Tim Robbins' "chill wind" is perhaps nothing more or less than the hollow caves of our own consciences, our egos and our graspings. In which case we would do well to recognise it. We need to put aside the notion that fascism requires a bizarre mustache, or pageantry, or pronouncements. All it ever requires, really, is any idea set too-loose and denied boundaries and accountabilities. Like a child given too much freedom for too long, who is thus unable to rein herself in, an idea never tested nor questioned nor constrained by reason, will self-destruct. And what it becomes destroys the rest.

Australia: More social-worker evil

Abused children have been left to die and the social workers couldn't give a damn

Child-protection workers in Victoria have been slammed by the Bracks Government's child death watchdog for failing to properly investigate warnings of sexual abuse, chronic neglect and family violence against up to 20 children who subsequently died. In two cases, child protection workers were told on 16 and 18 occasions respectively that children were suffering chronic neglect, but only got involved when the neglect was entrenched. In four cases, child protection workers did not investigate despite being told of the abuse in its early stages. Allegations of physical and sexual abuse involving three children were not given proper attention by authorities. Child protection workers also failed to properly investigate claims by children they were victims of family violence and prematurely closed cases after parents promised to go to support services but never did.

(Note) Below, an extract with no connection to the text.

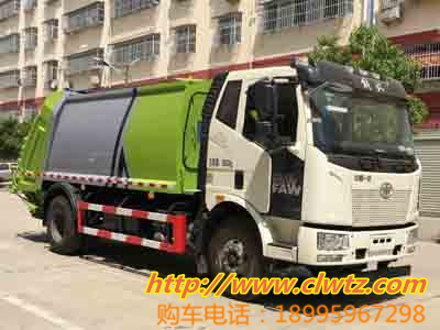 壓縮式垃圾車:采用機,電,液聯動控制系統,電腦控制及手動操作系統,通過填裝器和推鏟等裝置自動控制系統,實現垃圾倒入,壓碎或壓扁,并將垃圾擠入車廂并壓實和推卸。實現垃圾倒入污水全部進入污水廂,解決了垃圾運輸過程中的二次污染的問題。壓縮式垃圾車后掛桶翻轉機構或垃圾斗翻轉機構,作業自動化,垃圾收集方式簡便,高效。
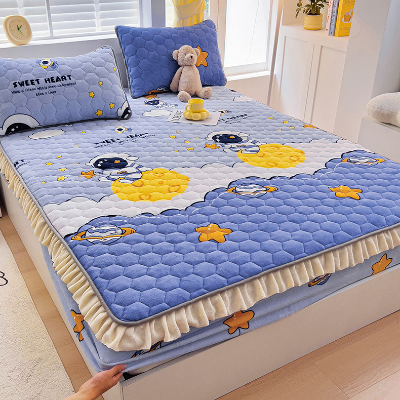 (总)情煊家纺 2025新款A类牛奶绒印花夹棉床垫,一鹿幸福,乐拼字母,大牌风范,太空漫步,蓝大格,爱心小熊,豹纹,大力熊,蝶恋,红玫瑰,林深见鹿,秘境,蘑菇小兔,童趣,童真,西高地,银杏叶,紫爱心

The damning findings - which follow strong criticism of child protection workers in other states - are made by the state Government's Child Death Review Committee, which investigated the deaths of 20 children known to the Department of Human Services. The committee published new figures showing child protection workers received 37,242 reports of alleged abuse and neglect last year. Fewer than one third - 11,346 - were investigated and just 7250 were substantiated.

Joe Tucci, chief executive of the Australian Childhood Foundation, said the report was further evidence child protection workers across Australia were out of step with community attitudes. "There is a difference ... between what the departments think child abuse is and what the community is willing to tolerate kids experiencing," he said. "The departments will tolerate much more violence towards children before they intervene ... Most professionals want the departments to act more strongly and they are not. That is at the heart of why the system keeps failing a lot of these kids."

Influential Howard Government backbencher Bill Heffernan last week demanded changes to the way the states handle such cases, accusing them of protecting abusive or neglectful parents at the expense of children.

There have been similar revelations in Western Australia of hundreds of cases of suspected child abuse being left in queues for weeks because of a shortage of child protection caseworkers. In an exclusive interview yesterday, West Australian Premier Alan Carpenter promised more money and more staff for the embattled Department for Community Development.

The Victorian committee spent 11 months investigating the deaths of 20 children from 2003 to 2005. Its report, tabled in state parliament in May, has received no media coverage. Seven of the children were found to have been chronically neglected, but child protection workers deemed some of these cases were not of sufficient concern to warrant intervention. Chronic neglect includes not being given food, clothing, shelter, education or medical care. "In four of the seven cases reviewed, early notifications of neglect were screened out of the system without investigation," the committee said. "In two cases, the families were the subject of 16 and 18 notifications respectively. By the time child protection became actively involved, the child was already experiencing developmental delay and other long-term adverse effects."

Victorian Minister for Children Sherryl Garbutt said the Government had recently made changes to child protection backed by significant funding. "Unlike other states, Victorian reforms were not sparked by crisis but by an ongoing assessment of the system based on reviews of case management practices ... and supported by the latest scientific research from Australia and overseas," she said.